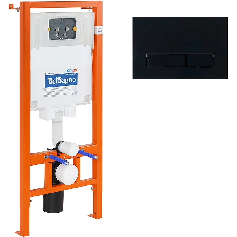 Инсталляция BelBagno BB002-80/BB012-MR-NERO.M с Черной матовой клавишей смыва.Характеристики:Инсталляция: Цвет: оранжевый. Материал: сталь, пластик. Габариты (ШхВхГ): 500х1290х325 мм. Монтажная глубина: 140 мм. Монтажная высота: 1090 мм. Глубина без крепежа: 105 мм. Регулируется по высоте: от 0 до 200 мм. Диаметр трубы от бачка: 45 мм. Диаметр переходника для слива: 90 на 110 мм. Диаметр слива: 90 мм. Объем бачка: 6 л. Заводская настройка слива: 3/6 л. Возможны настройки: 3/4.5 л. Метод крепления: в капитальную стену и пол. Подходит для легких и несущих стен. Подвод воды: сверху бачка. Совместима со всеми видами подвесных унитазов. Рама испытана нагрузкой 400 кг. Фановый отвод для слива, регулируемый по глубине. Межосевое расстояние под крепежные шпильки (для подвесных унитазов): 180 мм. Регулируемое межосевое расстояние под крепежные шпильки: 180/230 мм. Легкость и быстрота установки. Монтаж: в стену. Клавиша смыва: Цвет: черный матовый. Материал: пластик. Размеры (ШхВхГ): 230х150х6.5 мм. Режим слива воды: две кнопки (режим эконом). Управление: механическое. Открывание и закрывание с системой Click. Высокая устойчивость к царапинам. В комплекте поставки: Инсталляция. Крепежные элементы для унитаза. Крепежные элементы для рамы. Комплект соединительных патрубков для унитаза. Фановый отвод для слива. G1/2 запорный клапан. Клавиша смыва.
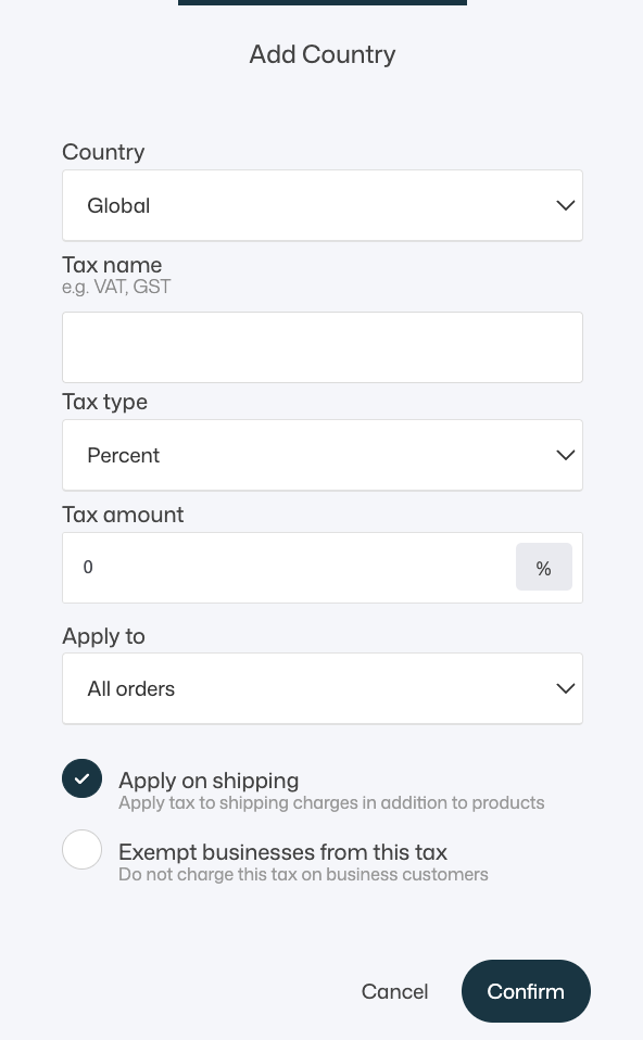 - Configure country-specific tax rules for every country you sell to
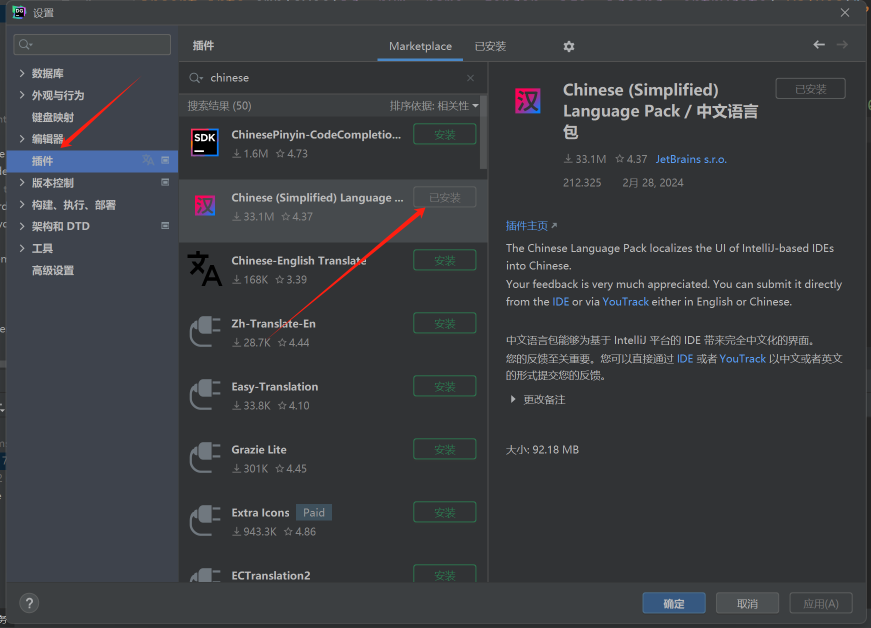 然后,找到插件(Plugins) ,搜索Chinese,下载第二个汉化包即可。
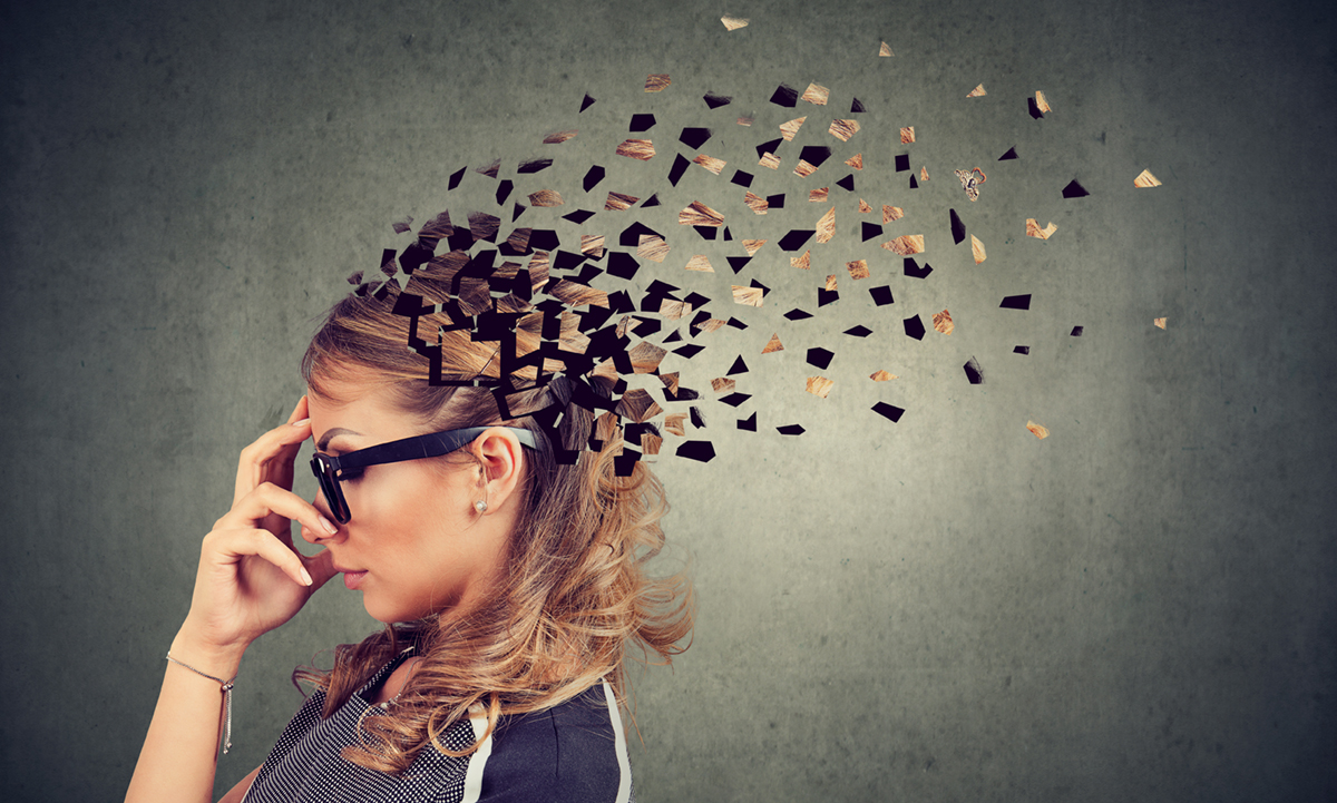 Memory loss due to dementia or brain damage. Side profile of a woman losing parts of head as symbol of decreased mind function.
▬▬▬
Assignment ▸
Retype the whole listing word for word. Skip the pictures.

Task output ▸
 Инсталляция BelBagno BB002-80/BB012-MR-NERO.M с Черной матовой клавишей смыва.Характеристики:Инсталляция: Цвет: оранжевый. Материал: сталь, пластик. Габариты (ШхВхГ): 500х1290х325 мм. Монтажная глубина: 140 мм. Монтажная высота: 1090 мм. Глубина без крепежа: 105 мм. Регулируется по высоте: от 0 до 200 мм. Диаметр трубы от бачка: 45 мм. Диаметр переходника для слива: 90 на 110 мм. Диаметр слива: 90 мм. Объем бачка: 6 л. Заводская настройка слива: 3/6 л. Возможны настройки: 3/4.5 л. Метод крепления: в капитальную стену и пол. Подходит для легких и несущих стен. Подвод воды: сверху бачка. Совместима со всеми видами подвесных унитазов. Рама испытана нагрузкой 400 кг. Фановый отвод для слива, регулируемый по глубине. Межосевое расстояние под крепежные шпильки (для подвесных унитазов): 180 мм. Регулируемое межосевое расстояние под крепежные шпильки: 180/230 мм. Легкость и быстрота установки. Монтаж: в стену. Клавиша смыва: Цвет: черный матовый. Материал: пластик. Размеры (ШхВхГ): 230х150х6.5 мм. Режим слива воды: две кнопки (режим эконом). Управление: механическое. Открывание и закрывание с системой Click. Высокая устойчивость к царапинам. В комплекте поставки: Инсталляция. Крепежные элементы для унитаза. Крепежные элементы для рамы. Комплект соединительных патрубков для унитаза. Фановый отвод для слива. G1/2 запорный клапан. Клавиша смыва.
 - Configure country-specific tax rules for every country you sell to
 然后,找到插件(Plugins) ,搜索Chinese,下载第二个汉化包即可。
 Memory loss due to dementia or brain damage. Side profile of a woman losing parts of head as symbol of decreased mind function.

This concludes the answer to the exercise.